Или, как правильно-то — очин? Вот тебе раз...А я тут стою, ничего
не замечаю, а у самого под ногами уже натекла целая лужа крови. И
что теперь?
— Эй,
малек из царской семьи, шкуру бросай и кормило держи, — буркнул
Тифий, показывая Гиласу на руль.
— А
птицы? — робко возразил паренек, на что кормщик только махнул
рукой: — Перво-наперво товарищу нужно помочь, а уж потом все
остальное.
Львиная
шкура полетела на палубу, а Тифий дал указания Гиласу:
— Вон,
видишь спереди волна идет?

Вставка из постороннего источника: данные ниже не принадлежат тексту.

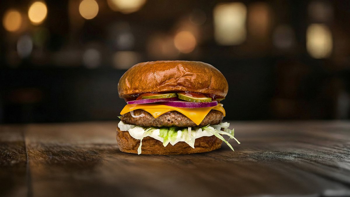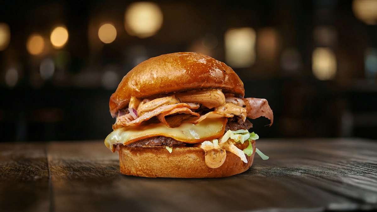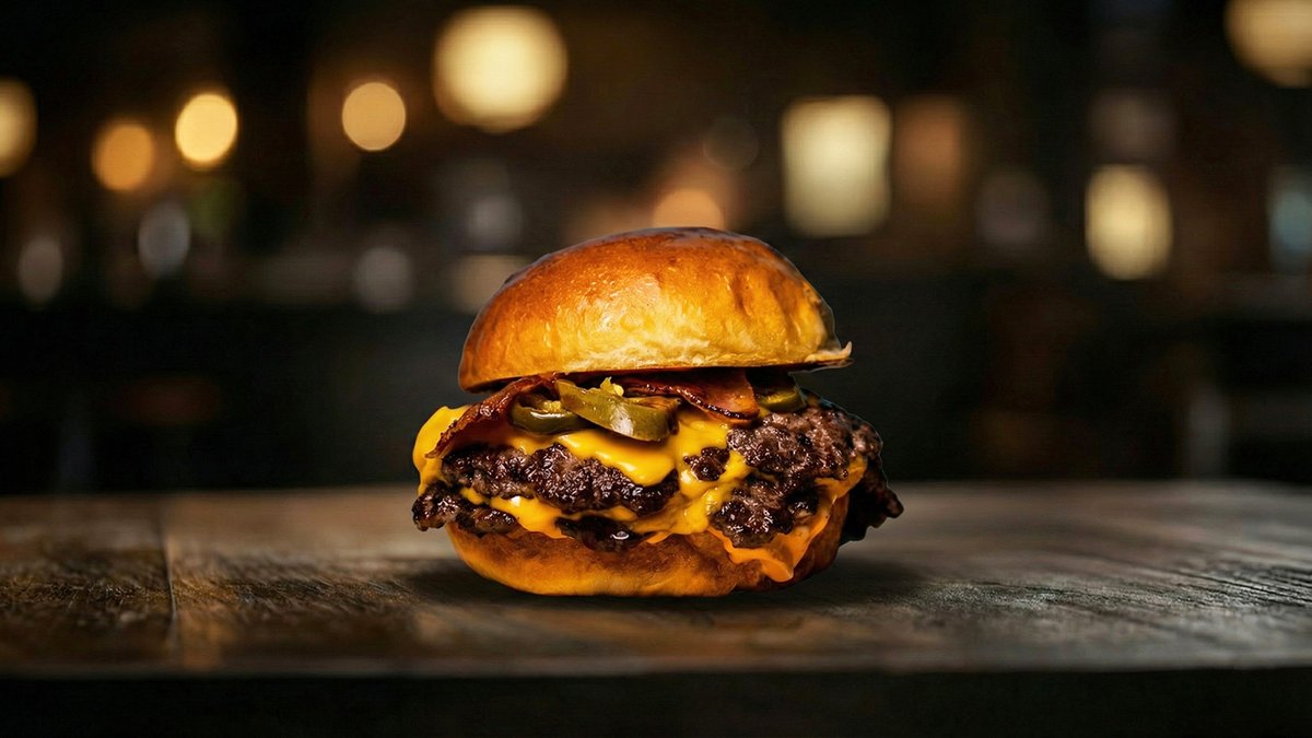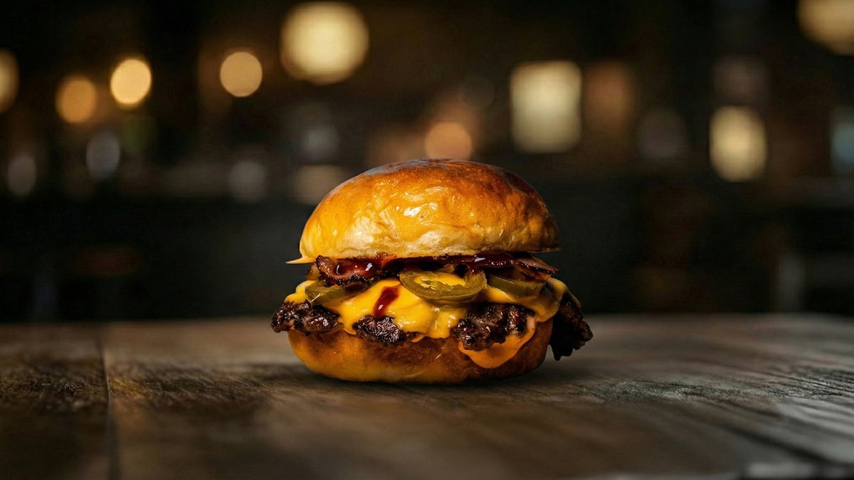 brioche pecivo, 100% junetina, cheddar, karamelizovani luk, bacon mayo, hrskavi luk, jalapeno

Так правь судно поперек волны, и все
дела.
Я
почувствовал, что начинаю слабеть, поэтому позволил себе улечься на
палубу.
— Ну-ка,
заморский чудак, дай-ка гляну,— проговорил Тифий, а затем, без
всякого предупреждения, без церемоний вытащил медное перо из моего
тела. Послушав все то, что я высказал, старик уважительно покрутил
головой. — Вон как умеешь... А я таких слов ни у финикийцев, ни у
троянцев, даже у чернокожих нубийцев не слышал.
— Он тут
недавно Геракла к какой-то матери послал, так Амфитрид до сих пор
думает, куда идти, — наябедничал Гилас.
Мне
стало слегка стыдно за «недозволенную» речь и я
вздохнул:
—
Поднахватался, пока у тавров в плену был, теперь лезет из меня
всякая дрянь.
—
Хорошо, что она из тебя лезет, хуже, коли дрянь в тебе остается, —
совершенно серьезно сказал кормщик, прощупывая мою ногу. — Только,
когда она из тебя лезть начинает, в сторонку отходи, чтобы других
не задело.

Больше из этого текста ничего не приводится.